I’ve never seen CSI and have no intention of seeing it, so I can’t comment on it, but I find it curious that the only place this murder device has been used was in long-running TV shows, which have a huge demand for material, and only after many years. And in the Murder, She Wrote episode they played somewhat fast and loose with the wall having an open cavity in it. They never really showed us that it had that feature.
I wonder why this is. Is it just that copying the greats feels cheap? But copying the greats is usually the best strategy for a writer, at least while making it one’s own. Mediocrity borrows, genius steals, and all that.

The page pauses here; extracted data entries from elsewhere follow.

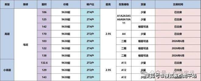 项目户型、价格、楼栋、货量详细信息如下图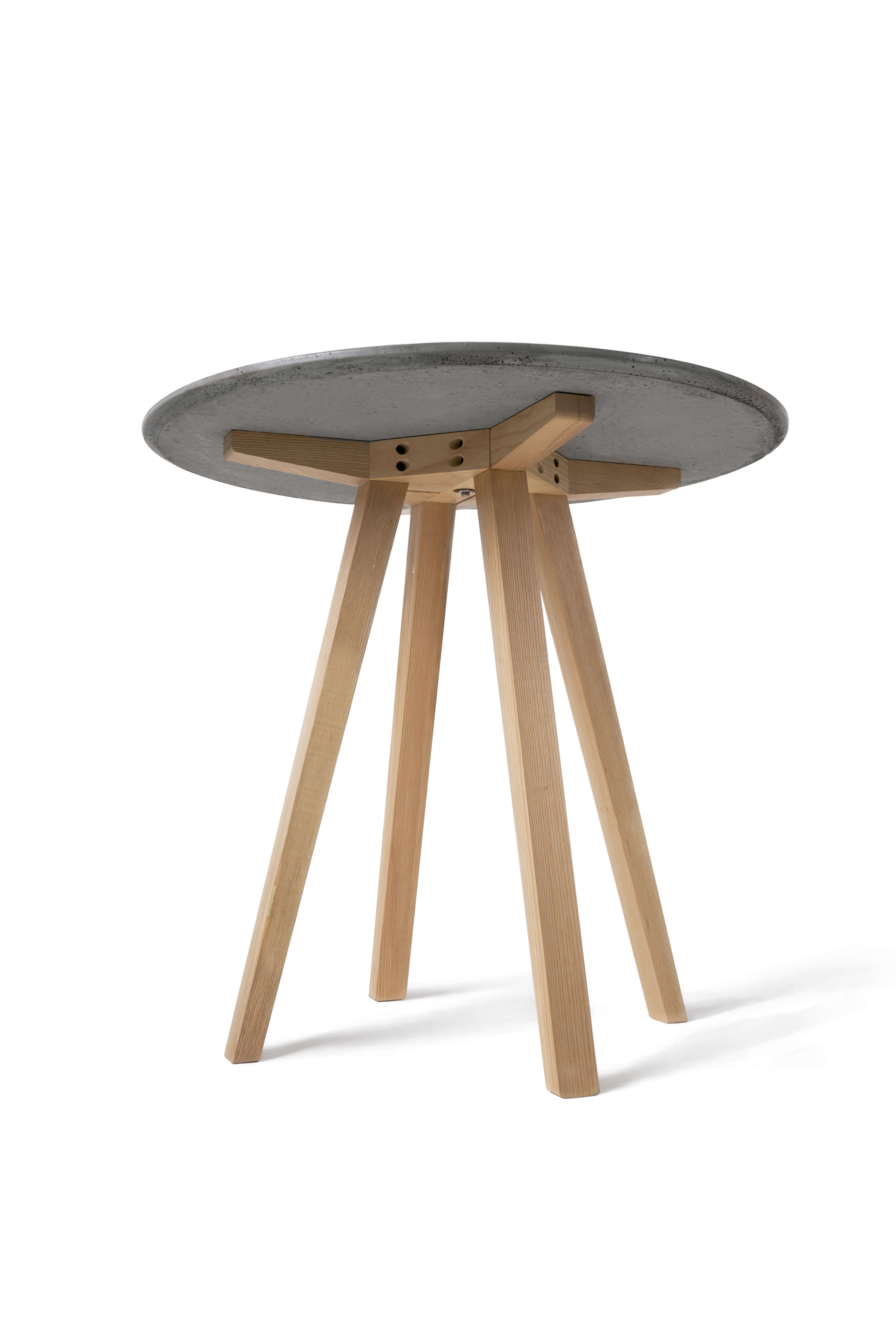 木材与榫,古老的材料传统的工艺;水泥与螺丝,现代工业文明发展不可或缺的载体。它们的碰撞演绎着新的可能。 以榫结构将凳子腿链接,并形成十字托架支撑水泥面板,最后通过螺丝紧固并紧压榫托架,化解了可拆卸榫长时间使用所带来的磨损与松动,结实耐用。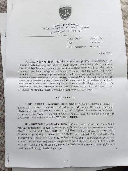 Mirëpo Gjykata Themelore e ktheu në punë Mujajn para dy vjetëve. Kundra këtij vendimi ishte Ministria e Punëve të Brendshme, ku edhe bëri ankesë.

Perhaps it’s just that the disguised suicide of The Problem of Thor’s Bridge is so recognizable? If a body was found on a bridge with a chip in the stonework, a modern audience might scream if the detective does not immediately dredge the lake or stream for the gun. Yet, I have not seen even variants of this—murdering someone and then dropping the gun over a bridge with a rock on a rope to disguise the murder as suicide-disguised-as-murder. With modern materials one need not even use a rock a a counterweight. Elastics, springs, and other things would expand the range of hiding places for a murder weapon. It is, at least, an interesting direction to explore.